◆ **THE DATA**
*** Block opens ***
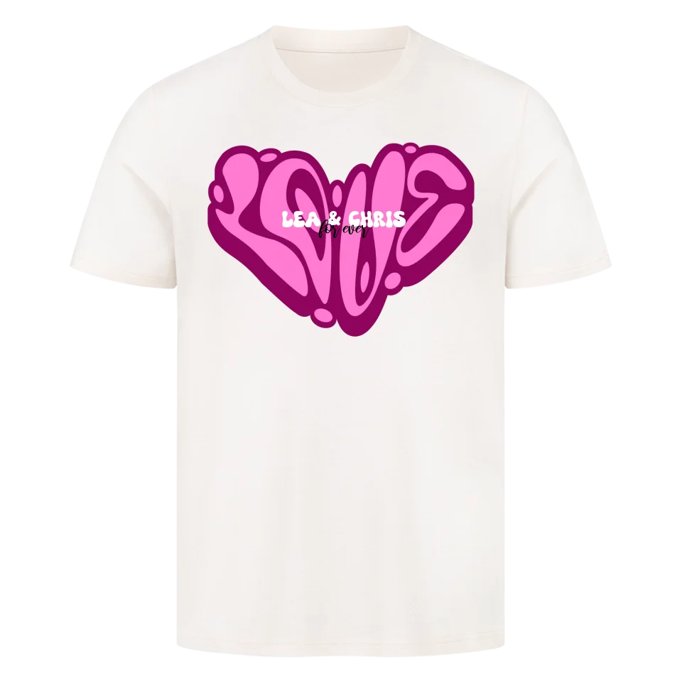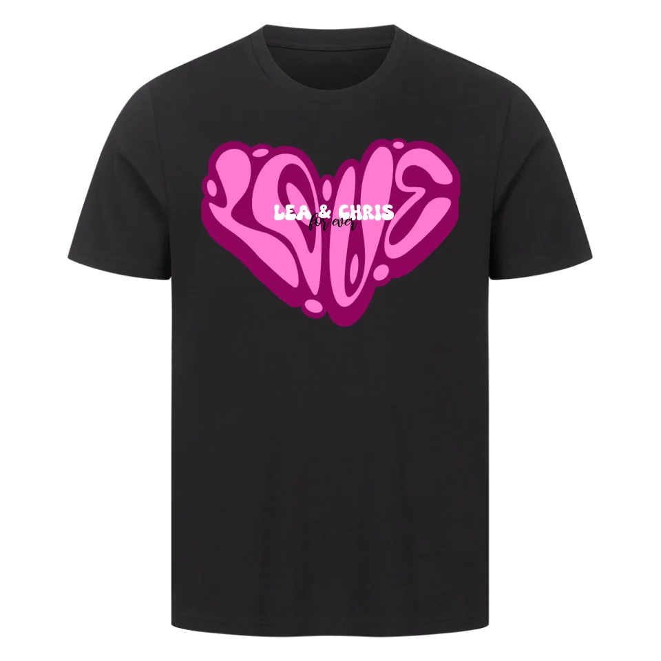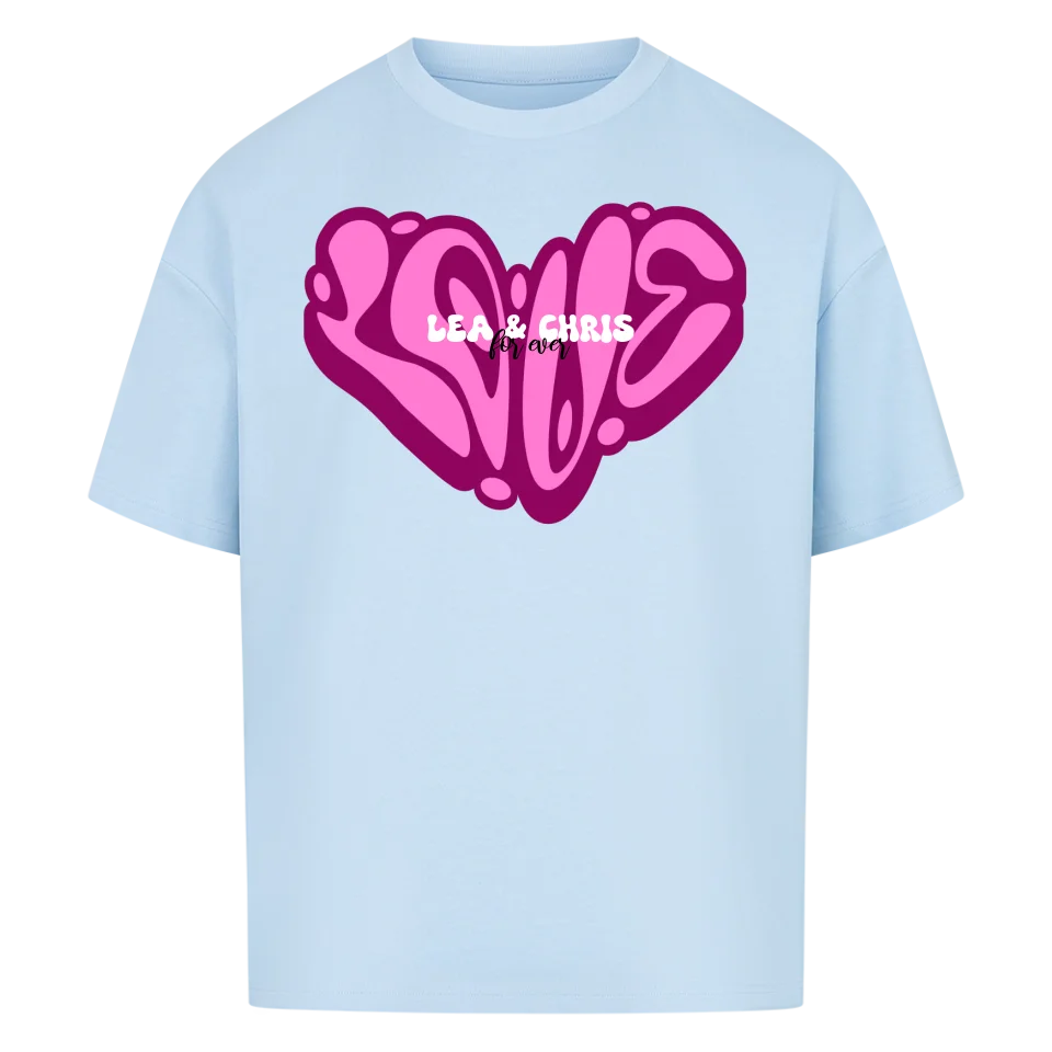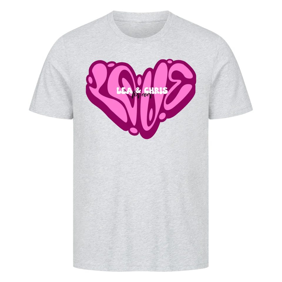 Dieses auffällige Shirt bringt 90s-Graffiti-Vibes direkt auf Stoff – perfekt für Verliebte, beste Freund:innen oder als kreatives Geschenk. Das ikonische LOVE-Herz in Pink zieht alle Blicke auf sich, mittendrin steht euer Name – personalisiert und einzigartig.
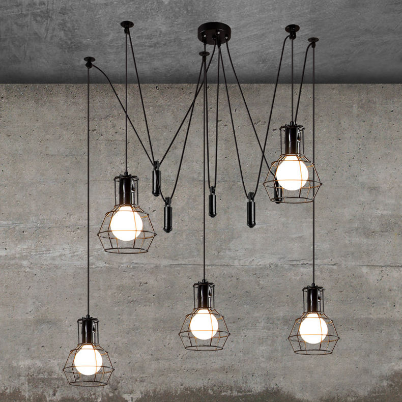 Plafonnier Moderne Loft Simple Villa Suspension Rétro Grande Poulie En Fer Forgé Ascenseur Petites Cages Lustres Industriels Noirs
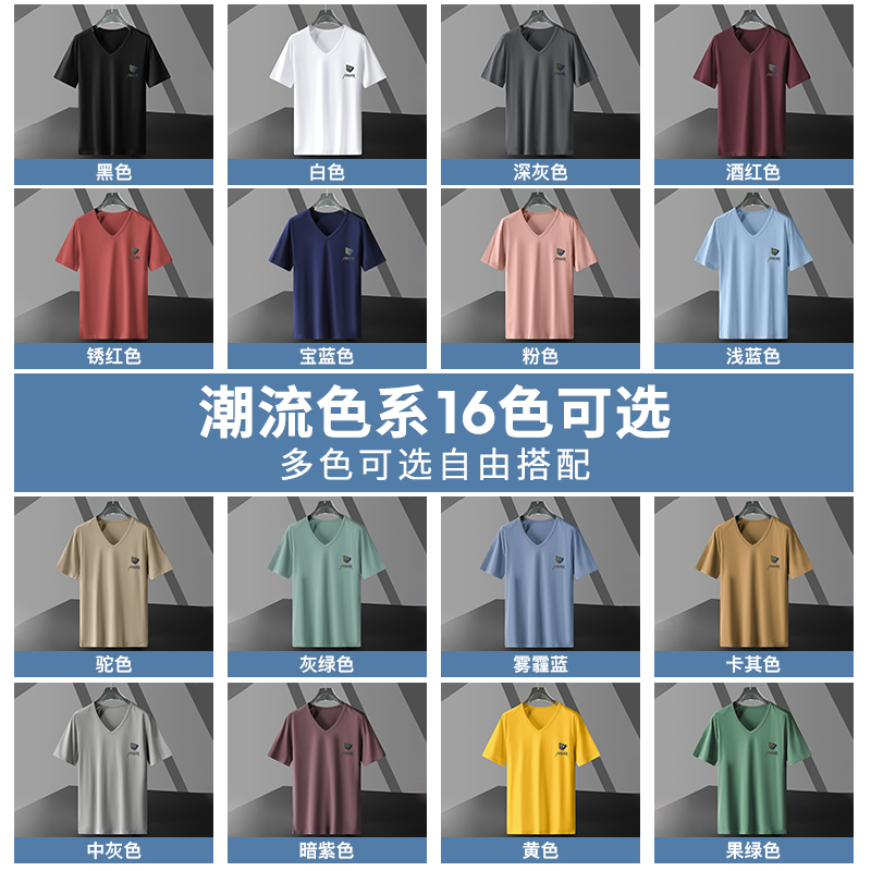 莫代尔小熊t恤男士短袖潮流V领上衣服夏季冰丝速干凉感半袖打底衫
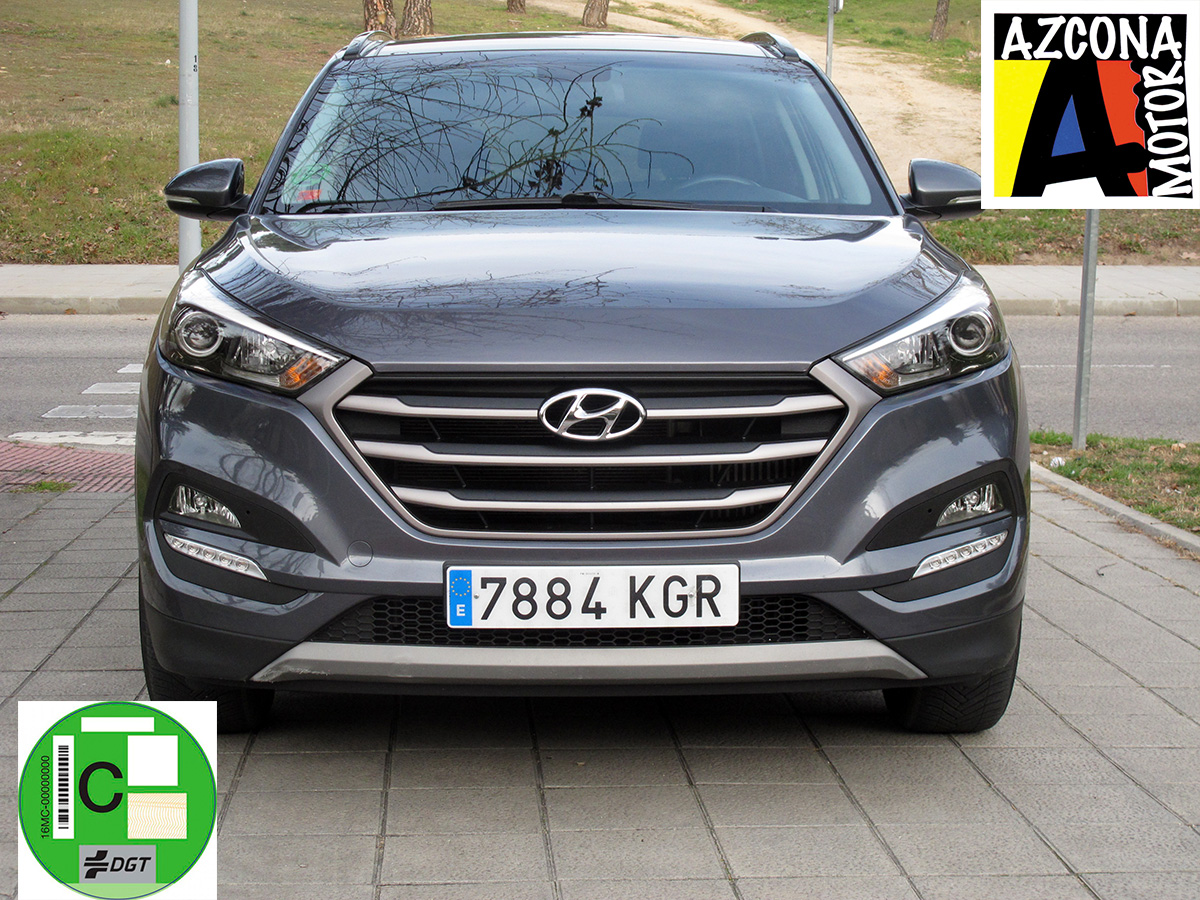 Hyundai Tucson 1.6 TGDi Style DCT 4x4, como nuevo, coche de único propietario con todas las revisiones pasadas puntualmente en servicio oficial Hyundai en Madrid. Motor muy fiable de gasolina EURO 6 de 177 CV con distintivo C verde de la DGT, con cambio automático secuencial de 7 velocidades, tracción integral 4x4 y tope de equipamiento: Techo solar practicable, tapicería de cuero completo con asientos deportivos calefactables y reglaje lumbar eléctrico, control de crucero y limitador de velocidad, capó activo para peatones, control de presión de los neumáticos (TPMS) con indicador de rueda, cámara trasera y sensores de aparcamiento, luces diurnas LED, ISOFIX, faros de xenón, luces antiniebla, ordenador, climatizador automático, encendido automático de luces, bluetooth, navegador, llantas de aleación de 17", etc. etc. Garantía 12 meses. Facilidades de pago.
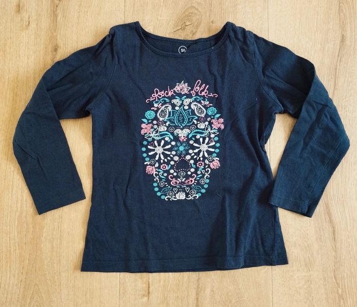T-shirt manches longues bleu marine taille 5/6 ans - photo numéro 1
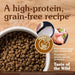 Su fórmula sin granos imita la alimentación natural del felino, aportando proteínas altamente digestibles, antioxidantes vegetales y probióticos específicos que fortalecen su digestión, sistema inmune y bienestar general.
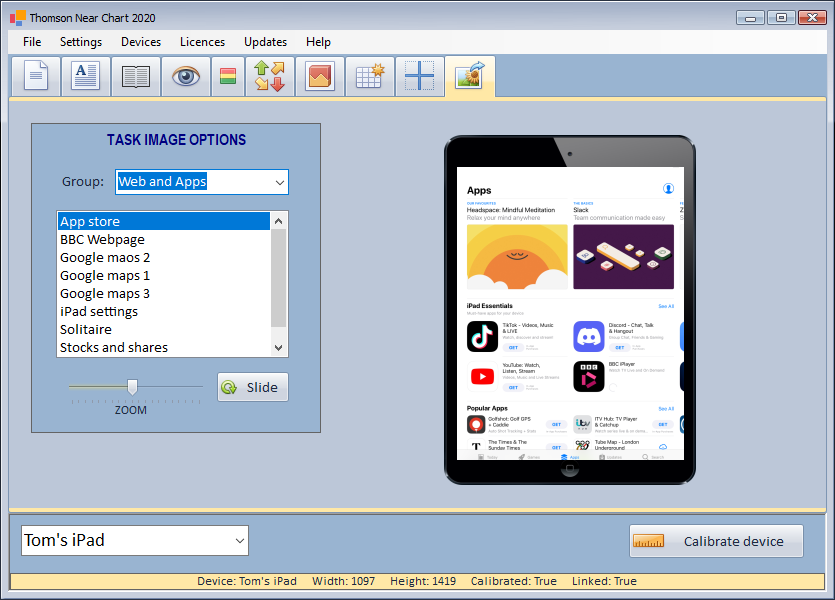 The Task images group includes a wide range of images which can be used to test the patients ability to see a range of "real world" images.
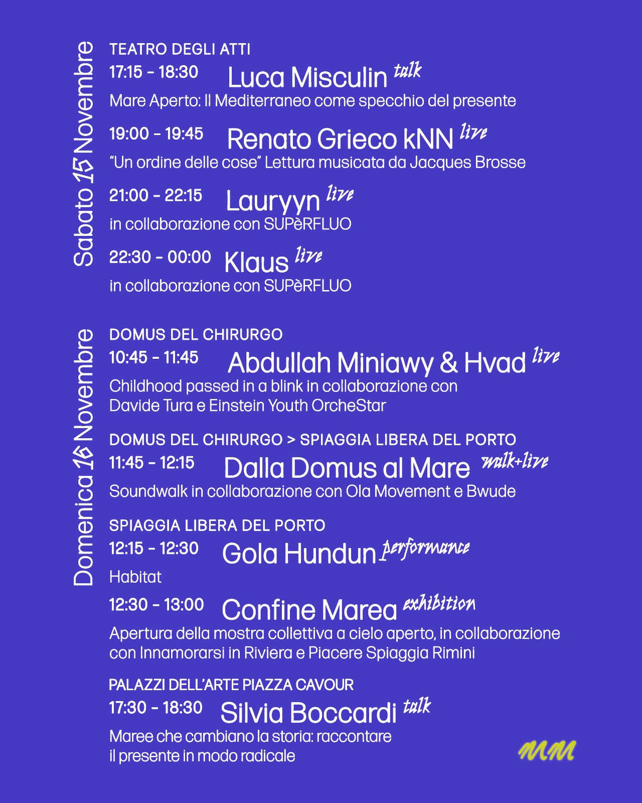 Due giorni – sabato 15 e domenica 16 novembre– in cui performance, concerti, incontri e riflessioni si intrecciano in un’esperienza diffusa tra il Teatro degli Atti, la Domus del Chirurgo, la spiaggia libera di Rimini e i Palazzi dell’Arte.
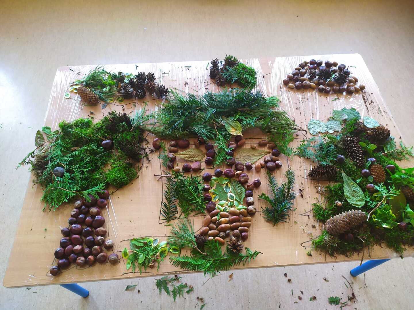 Zajęcia sensoryczno-przyrodnicze z wykorzystaniem darów lasu.
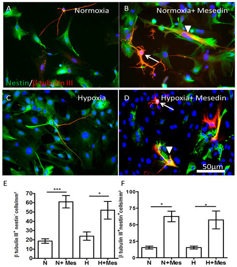 We further addressed the question whether mesedin can also enhance the population of neural precursor cells and influence their commitment to the neuronal lineage in advanced stages of astroglial differentiation. Therefore, we used APC at DIV14, and assessed the number of β-tubulin III/nestin-positive cells upon normoxic and hypoxic culture conditions. Indeed under both normoxia and hypoxia, in comparison with the respective control condition (Figure 4A,C), mesedin-treated culture contained a higher number of neuronal progenitors (arrowheads in Figure 4B,D) and neurons (arrows in Figure 4B,D), as shown by immunocytochemistry.
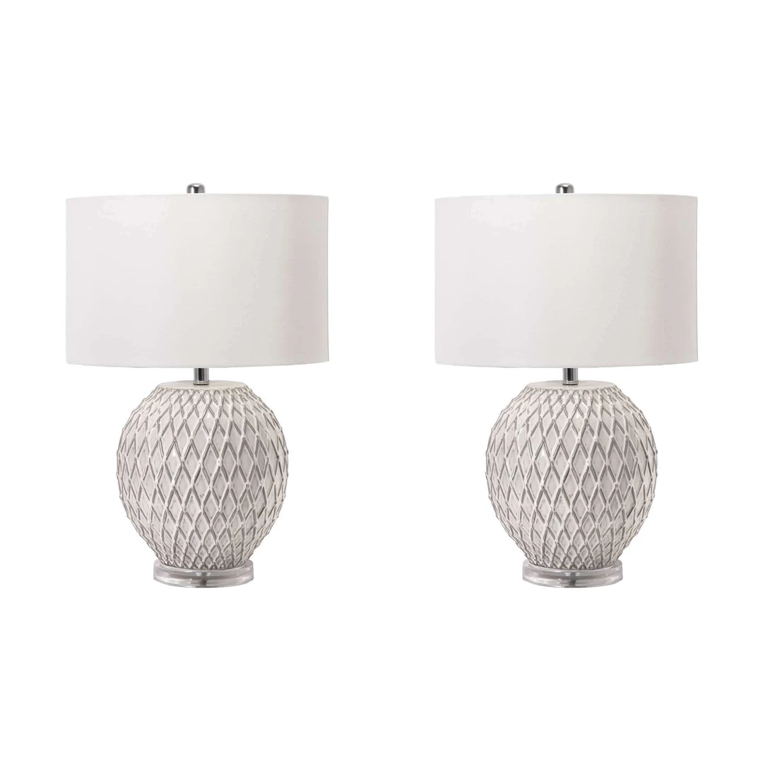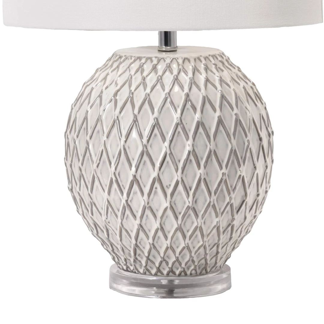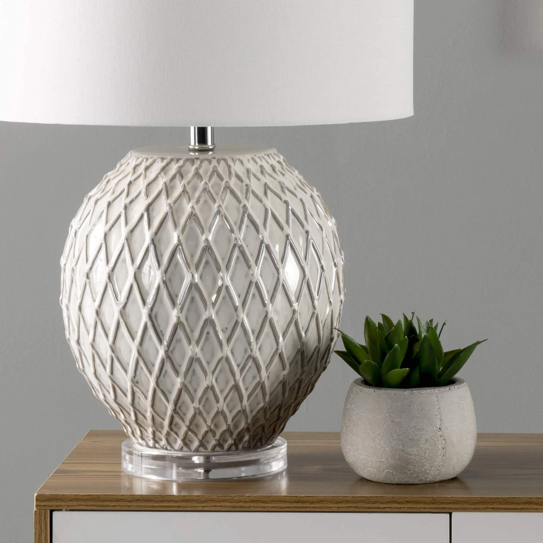 Finish off a side table with this striking traditional table lamp. The 26-inch high ceramic sphere base is easy to fit on your table, desk, or nightstand. A simple fabric drum shade pops on the top of this lamp effortlessly, creating a balanced look with soft lighting.
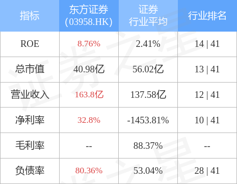 东方证券市值40.98亿元,在证券行业中排名第13。主要指标见下表:
*** Block closes ***
◆ **WHAT YOU SHOULD DO**
Copy the records exactly, leaving out every picture.

◆ **TASK ANSWER**
 Dieses auffällige Shirt bringt 90s-Graffiti-Vibes direkt auf Stoff – perfekt für Verliebte, beste Freund:innen oder als kreatives Geschenk. Das ikonische LOVE-Herz in Pink zieht alle Blicke auf sich, mittendrin steht euer Name – personalisiert und einzigartig.
 Plafonnier Moderne Loft Simple Villa Suspension Rétro Grande Poulie En Fer Forgé Ascenseur Petites Cages Lustres Industriels Noirs
 莫代尔小熊t恤男士短袖潮流V领上衣服夏季冰丝速干凉感半袖打底衫
 Hyundai Tucson 1.6 TGDi Style DCT 4x4, como nuevo, coche de único propietario con todas las revisiones pasadas puntualmente en servicio oficial Hyundai en Madrid. Motor muy fiable de gasolina EURO 6 de 177 CV con distintivo C verde de la DGT, con cambio automático secuencial de 7 velocidades, tracción integral 4x4 y tope de equipamiento: Techo solar practicable, tapicería de cuero completo con asientos deportivos calefactables y reglaje lumbar eléctrico, control de crucero y limitador de velocidad, capó activo para peatones, control de presión de los neumáticos (TPMS) con indicador de rueda, cámara trasera y sensores de aparcamiento, luces diurnas LED, ISOFIX, faros de xenón, luces antiniebla, ordenador, climatizador automático, encendido automático de luces, bluetooth, navegador, llantas de aleación de 17", etc. etc. Garantía 12 meses. Facilidades de pago.
T-shirt manches longues bleu marine taille 5/6 ans - photo numéro 1
 Su fórmula sin granos imita la alimentación natural del felino, aportando proteínas altamente digestibles, antioxidantes vegetales y probióticos específicos que fortalecen su digestión, sistema inmune y bienestar general.
 The Task images group includes a wide range of images which can be used to test the patients ability to see a range of "real world" images.
 Due giorni – sabato 15 e domenica 16 novembre– in cui performance, concerti, incontri e riflessioni si intrecciano in un’esperienza diffusa tra il Teatro degli Atti, la Domus del Chirurgo, la spiaggia libera di Rimini e i Palazzi dell’Arte.
 Zajęcia sensoryczno-przyrodnicze z wykorzystaniem darów lasu.
 We further addressed the question whether mesedin can also enhance the population of neural precursor cells and influence their commitment to the neuronal lineage in advanced stages of astroglial differentiation. Therefore, we used APC at DIV14, and assessed the number of β-tubulin III/nestin-positive cells upon normoxic and hypoxic culture conditions. Indeed under both normoxia and hypoxia, in comparison with the respective control condition (Figure 4A,C), mesedin-treated culture contained a higher number of neuronal progenitors (arrowheads in Figure 4B,D) and neurons (arrows in Figure 4B,D), as shown by immunocytochemistry.
 Finish off a side table with this striking traditional table lamp. The 26-inch high ceramic sphere base is easy to fit on your table, desk, or nightstand. A simple fabric drum shade pops on the top of this lamp effortlessly, creating a balanced look with soft lighting.
 东方证券市值40.98亿元,在证券行业中排名第13。主要指标见下表:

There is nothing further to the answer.